What you should do:
Your answer should consist only of the lines below from the one with "k, this is my" through the one with "污水站整治前后進水量及COD濃度情況", copied exactly.

*** Provided entries Section Begins ***

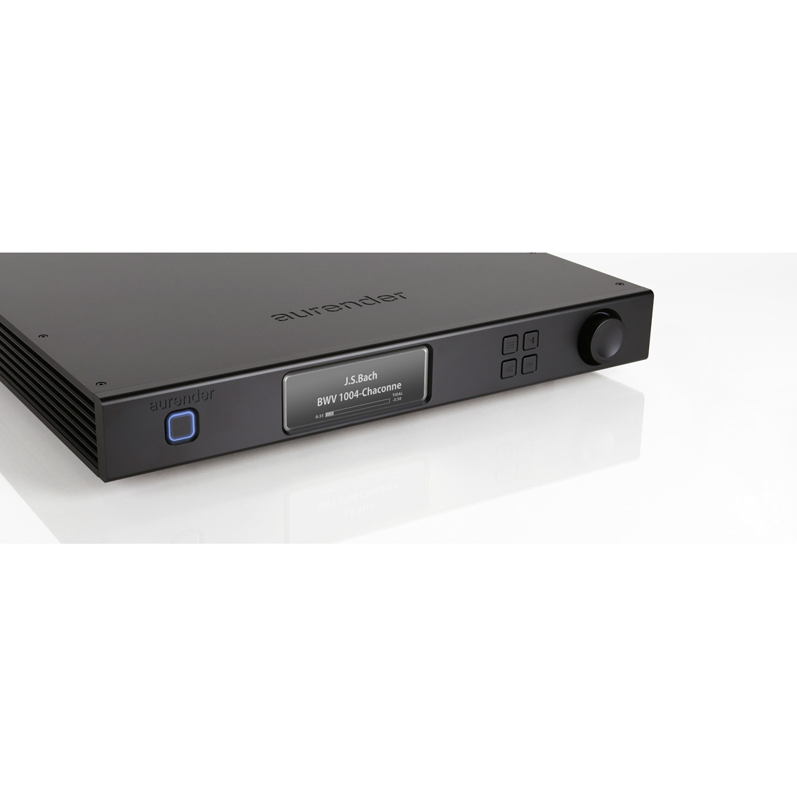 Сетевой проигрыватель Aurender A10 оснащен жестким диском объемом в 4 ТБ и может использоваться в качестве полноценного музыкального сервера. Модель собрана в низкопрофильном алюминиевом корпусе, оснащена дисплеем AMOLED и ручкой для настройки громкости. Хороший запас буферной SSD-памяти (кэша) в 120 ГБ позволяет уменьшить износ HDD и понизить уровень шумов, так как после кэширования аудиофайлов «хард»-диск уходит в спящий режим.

*** Provided entries Section Ends ***
*** Provided entries Section Begins ***

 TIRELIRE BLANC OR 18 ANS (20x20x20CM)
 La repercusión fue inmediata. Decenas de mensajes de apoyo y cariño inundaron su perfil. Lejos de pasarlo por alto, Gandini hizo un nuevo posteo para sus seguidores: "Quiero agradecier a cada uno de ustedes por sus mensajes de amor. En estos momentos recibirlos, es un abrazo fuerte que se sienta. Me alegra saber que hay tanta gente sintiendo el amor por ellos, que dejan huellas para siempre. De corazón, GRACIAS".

*** Provided entries Section Ends ***
*** Provided entries Section Begins ***

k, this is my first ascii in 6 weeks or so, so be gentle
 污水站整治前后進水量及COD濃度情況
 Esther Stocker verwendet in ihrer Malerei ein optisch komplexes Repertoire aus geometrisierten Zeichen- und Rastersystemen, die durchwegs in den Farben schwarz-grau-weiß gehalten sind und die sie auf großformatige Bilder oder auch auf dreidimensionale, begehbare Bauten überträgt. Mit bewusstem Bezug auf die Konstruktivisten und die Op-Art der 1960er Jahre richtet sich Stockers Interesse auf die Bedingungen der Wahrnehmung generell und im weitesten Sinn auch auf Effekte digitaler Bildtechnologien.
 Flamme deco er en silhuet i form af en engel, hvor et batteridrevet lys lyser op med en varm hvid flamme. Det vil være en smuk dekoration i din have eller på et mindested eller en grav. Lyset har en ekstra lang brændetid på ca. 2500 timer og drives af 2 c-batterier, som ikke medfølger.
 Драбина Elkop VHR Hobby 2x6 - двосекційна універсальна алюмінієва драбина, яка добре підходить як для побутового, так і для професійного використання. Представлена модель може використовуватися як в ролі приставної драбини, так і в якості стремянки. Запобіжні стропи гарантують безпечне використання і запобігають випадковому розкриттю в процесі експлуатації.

*** Provided entries Section Ends ***

Response for this exercise:
k, this is my first ascii in 6 weeks or so, so be gentle
 污水站整治前后進水量及COD濃度情況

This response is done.